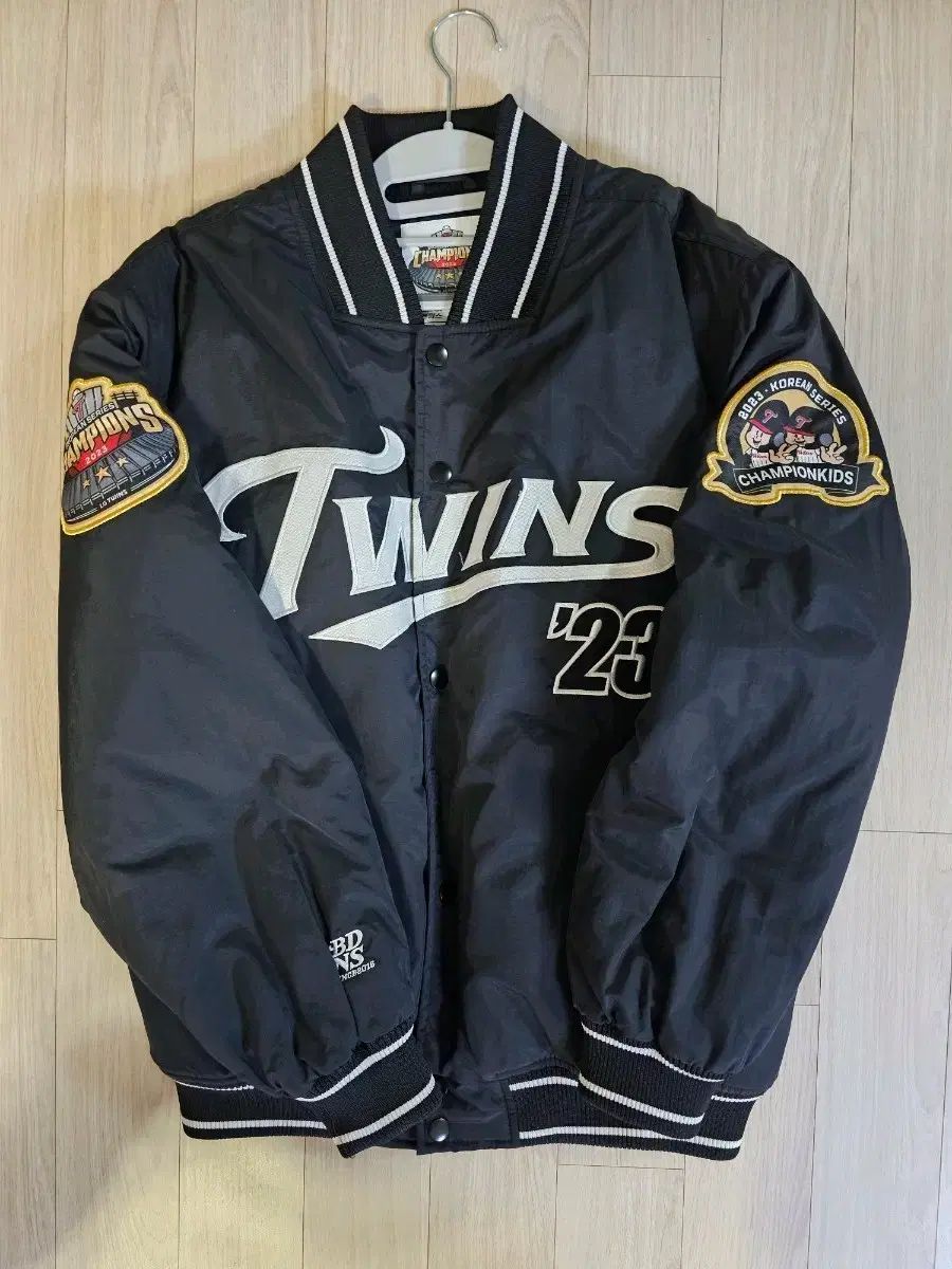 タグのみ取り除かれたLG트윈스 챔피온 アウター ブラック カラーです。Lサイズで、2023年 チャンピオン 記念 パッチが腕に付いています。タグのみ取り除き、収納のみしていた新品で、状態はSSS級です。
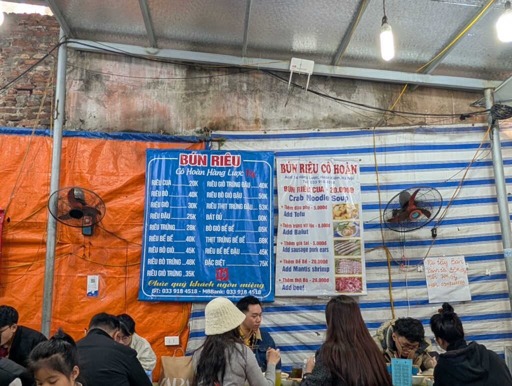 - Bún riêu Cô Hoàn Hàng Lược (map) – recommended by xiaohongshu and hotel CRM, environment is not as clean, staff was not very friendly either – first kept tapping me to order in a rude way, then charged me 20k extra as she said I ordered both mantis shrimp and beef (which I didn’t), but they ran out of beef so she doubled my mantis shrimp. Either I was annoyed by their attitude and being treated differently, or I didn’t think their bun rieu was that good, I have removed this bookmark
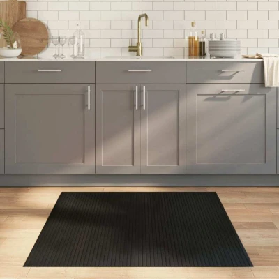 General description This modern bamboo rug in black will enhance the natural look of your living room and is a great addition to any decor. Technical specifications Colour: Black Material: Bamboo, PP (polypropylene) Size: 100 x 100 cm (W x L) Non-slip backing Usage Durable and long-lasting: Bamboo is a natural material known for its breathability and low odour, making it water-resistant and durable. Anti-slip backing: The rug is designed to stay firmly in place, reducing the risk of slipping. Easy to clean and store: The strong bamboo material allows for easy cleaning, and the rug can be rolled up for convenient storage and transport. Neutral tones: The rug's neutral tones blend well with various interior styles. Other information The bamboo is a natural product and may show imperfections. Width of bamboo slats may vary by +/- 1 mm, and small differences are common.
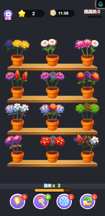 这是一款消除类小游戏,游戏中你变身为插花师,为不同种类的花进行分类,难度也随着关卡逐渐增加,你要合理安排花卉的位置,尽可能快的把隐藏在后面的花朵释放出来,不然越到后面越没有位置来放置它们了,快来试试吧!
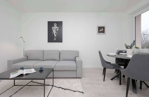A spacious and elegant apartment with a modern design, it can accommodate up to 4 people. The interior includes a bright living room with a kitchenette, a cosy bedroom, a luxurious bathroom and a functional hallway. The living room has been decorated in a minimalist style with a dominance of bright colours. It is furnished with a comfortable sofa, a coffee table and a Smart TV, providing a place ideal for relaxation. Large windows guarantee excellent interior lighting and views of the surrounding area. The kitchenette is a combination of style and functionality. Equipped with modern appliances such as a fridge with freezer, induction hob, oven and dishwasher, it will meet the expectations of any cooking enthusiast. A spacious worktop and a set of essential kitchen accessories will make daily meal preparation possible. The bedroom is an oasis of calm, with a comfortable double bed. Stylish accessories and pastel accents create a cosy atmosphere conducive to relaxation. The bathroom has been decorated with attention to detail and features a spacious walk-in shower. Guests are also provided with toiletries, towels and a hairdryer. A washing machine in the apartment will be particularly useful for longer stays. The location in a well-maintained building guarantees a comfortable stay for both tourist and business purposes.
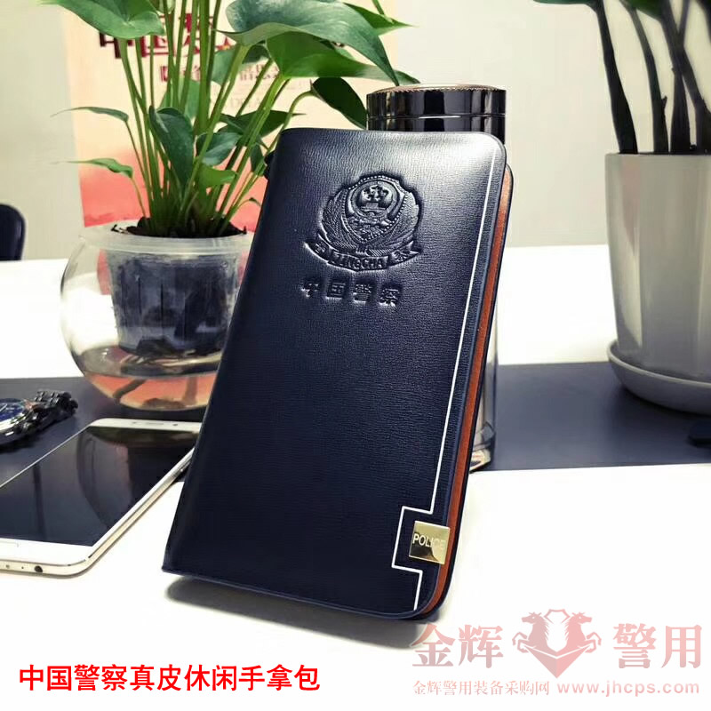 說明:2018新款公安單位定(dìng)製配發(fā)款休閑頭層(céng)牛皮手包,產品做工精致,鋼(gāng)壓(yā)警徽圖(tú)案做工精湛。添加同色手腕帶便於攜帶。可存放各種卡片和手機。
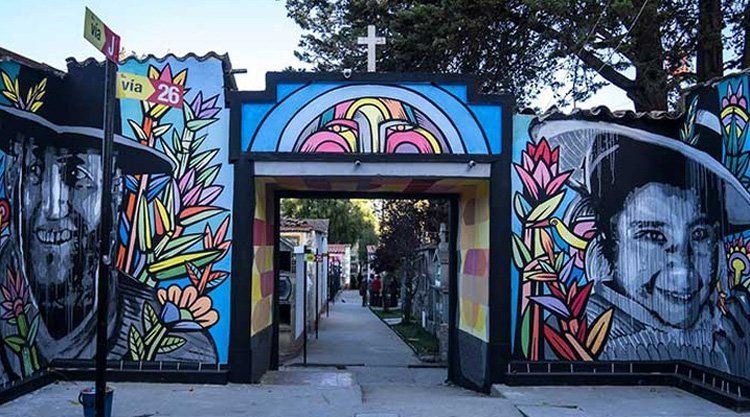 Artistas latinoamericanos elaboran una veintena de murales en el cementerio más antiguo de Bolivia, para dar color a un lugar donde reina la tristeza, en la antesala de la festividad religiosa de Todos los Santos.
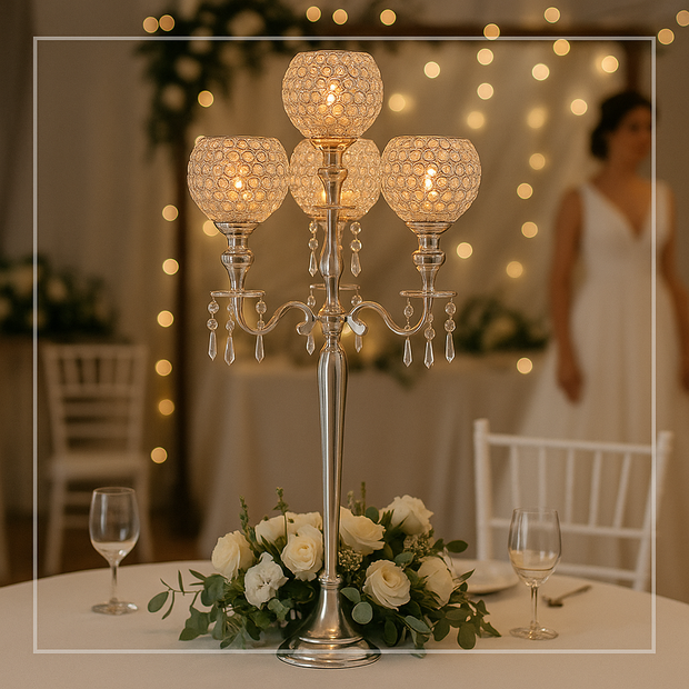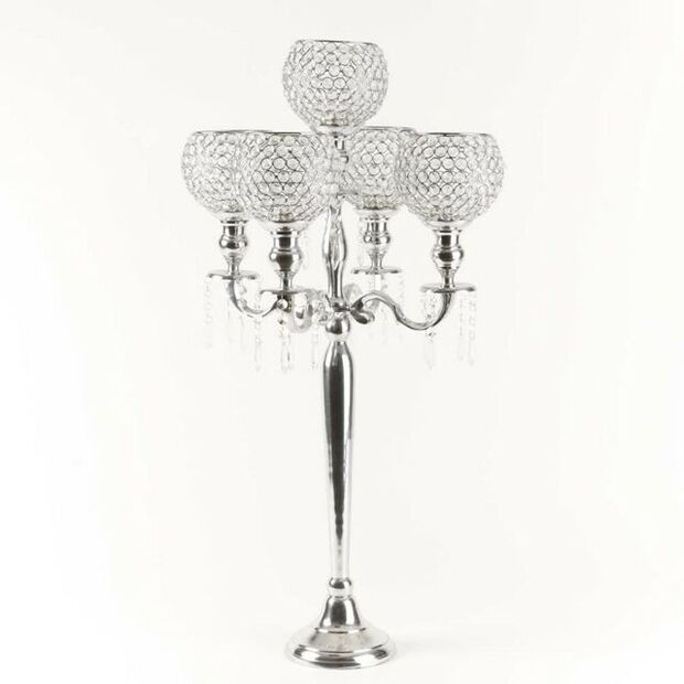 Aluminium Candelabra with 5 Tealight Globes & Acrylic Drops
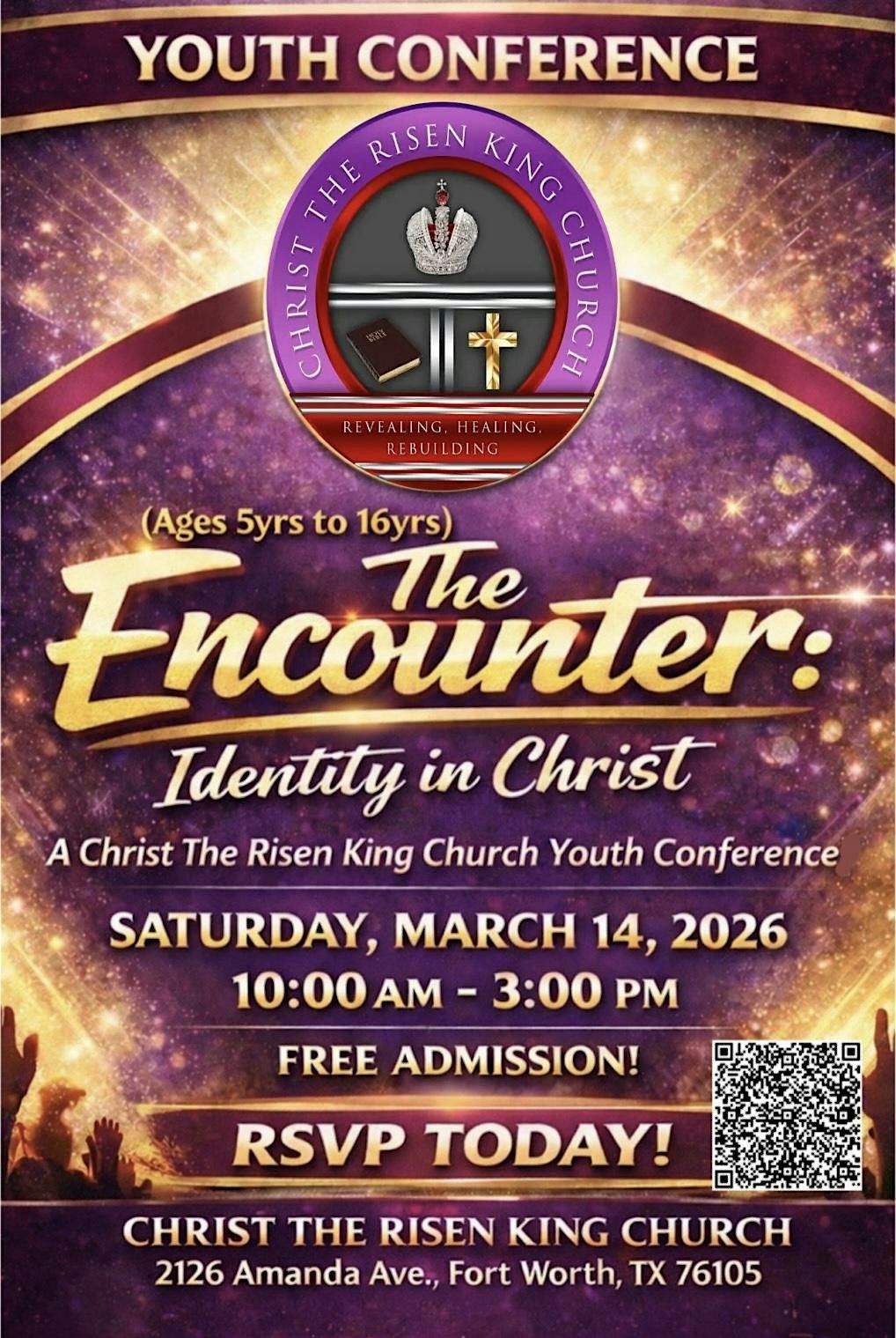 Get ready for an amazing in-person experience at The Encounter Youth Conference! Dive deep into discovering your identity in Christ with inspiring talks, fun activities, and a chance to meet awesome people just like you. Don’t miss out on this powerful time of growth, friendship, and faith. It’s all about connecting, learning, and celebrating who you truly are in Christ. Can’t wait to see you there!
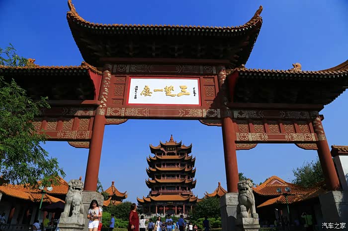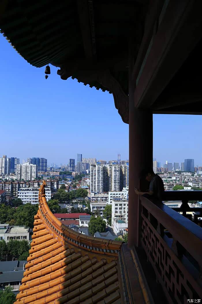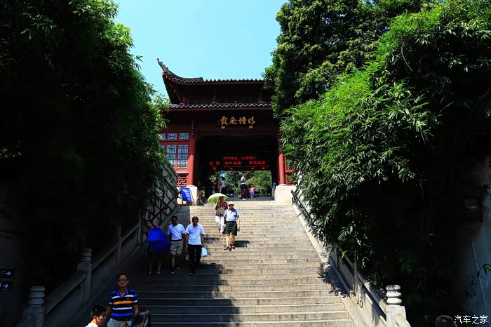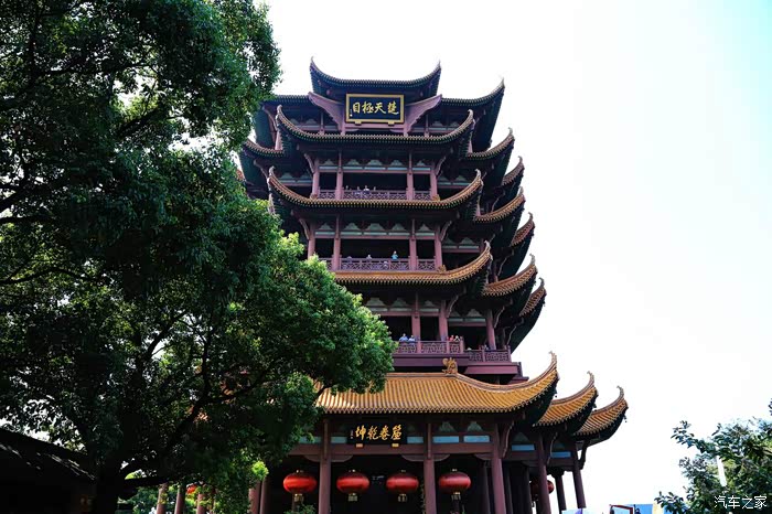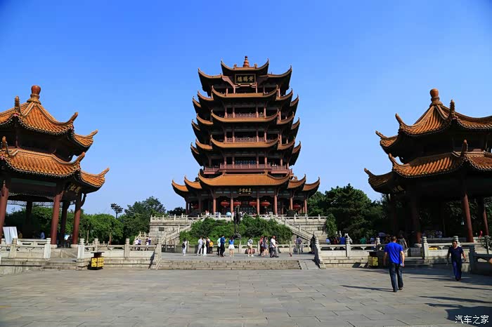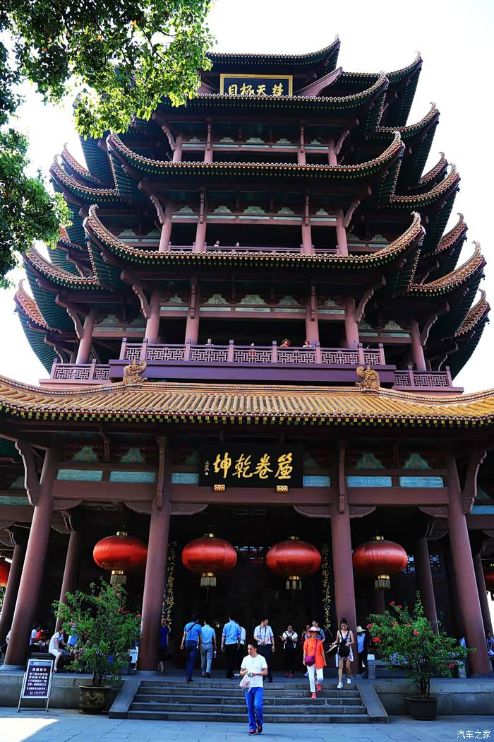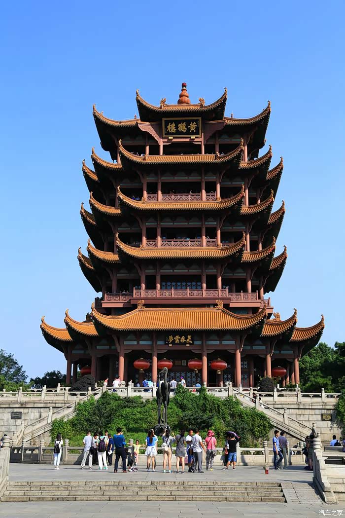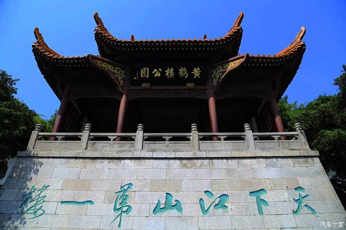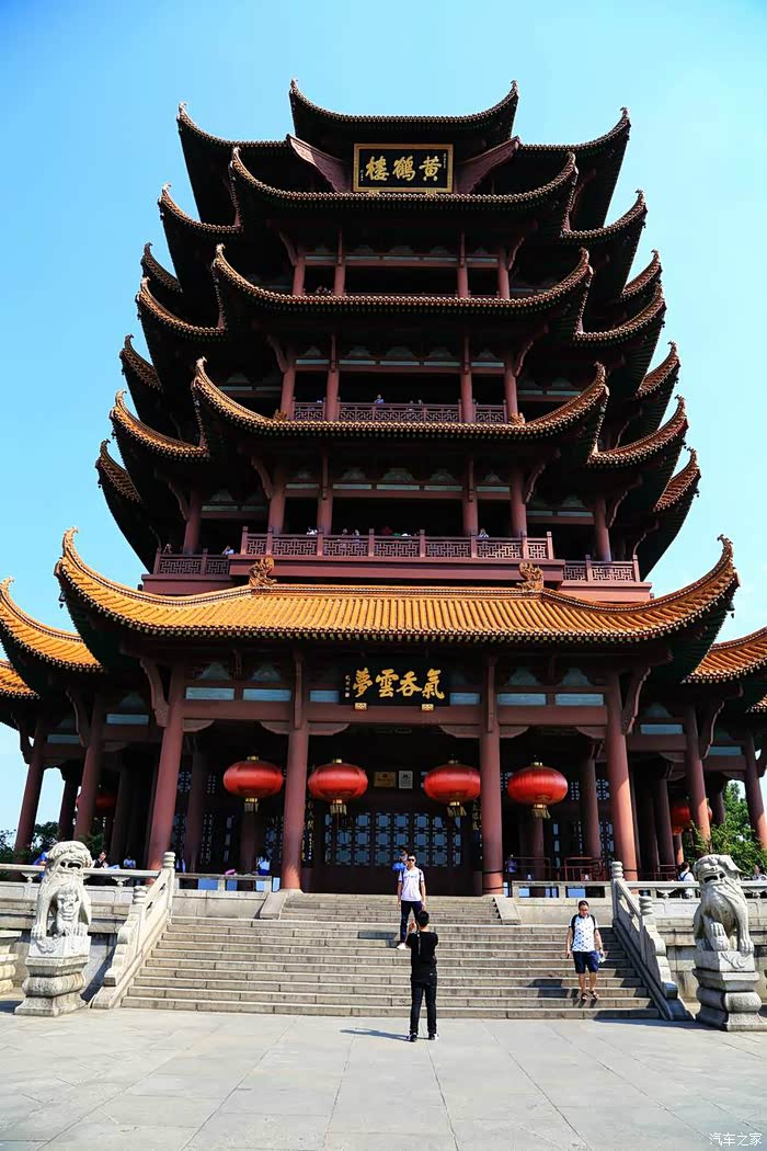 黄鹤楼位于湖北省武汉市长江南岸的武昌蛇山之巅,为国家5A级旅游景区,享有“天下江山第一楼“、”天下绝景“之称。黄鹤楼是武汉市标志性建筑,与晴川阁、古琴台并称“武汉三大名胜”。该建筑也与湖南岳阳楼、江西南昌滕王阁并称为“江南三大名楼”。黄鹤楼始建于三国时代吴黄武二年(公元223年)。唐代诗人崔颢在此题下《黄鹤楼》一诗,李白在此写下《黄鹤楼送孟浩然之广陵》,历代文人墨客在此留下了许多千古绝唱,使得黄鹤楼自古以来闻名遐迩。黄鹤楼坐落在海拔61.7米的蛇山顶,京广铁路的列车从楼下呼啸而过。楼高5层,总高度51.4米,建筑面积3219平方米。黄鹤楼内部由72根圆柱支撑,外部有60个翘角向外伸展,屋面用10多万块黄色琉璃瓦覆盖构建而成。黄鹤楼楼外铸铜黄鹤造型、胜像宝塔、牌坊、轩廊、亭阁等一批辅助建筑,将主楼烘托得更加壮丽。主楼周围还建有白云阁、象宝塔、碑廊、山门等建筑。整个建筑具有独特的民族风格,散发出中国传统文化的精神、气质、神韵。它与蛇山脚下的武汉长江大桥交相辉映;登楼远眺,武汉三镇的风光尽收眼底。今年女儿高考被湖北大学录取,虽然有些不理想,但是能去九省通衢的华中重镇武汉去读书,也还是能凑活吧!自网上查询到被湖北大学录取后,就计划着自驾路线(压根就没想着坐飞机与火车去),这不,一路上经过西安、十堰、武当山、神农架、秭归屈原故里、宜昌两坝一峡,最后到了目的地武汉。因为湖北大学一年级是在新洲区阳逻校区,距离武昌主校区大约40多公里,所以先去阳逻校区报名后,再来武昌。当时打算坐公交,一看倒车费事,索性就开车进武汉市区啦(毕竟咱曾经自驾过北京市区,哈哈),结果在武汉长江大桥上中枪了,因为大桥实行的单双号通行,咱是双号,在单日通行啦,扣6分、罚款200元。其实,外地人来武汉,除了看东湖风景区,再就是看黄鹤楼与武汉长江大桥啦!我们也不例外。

-*-

Please output, exactly as written, the lines above from the one holding "Artistas latinoamericanos elaboran" through the one holding "Aluminium Candelabra with", both included, with the pictures omitted.

 Artistas latinoamericanos elaboran una veintena de murales en el cementerio más antiguo de Bolivia, para dar color a un lugar donde reina la tristeza, en la antesala de la festividad religiosa de Todos los Santos.
 Aluminium Candelabra with 5 Tealight Globes & Acrylic Drops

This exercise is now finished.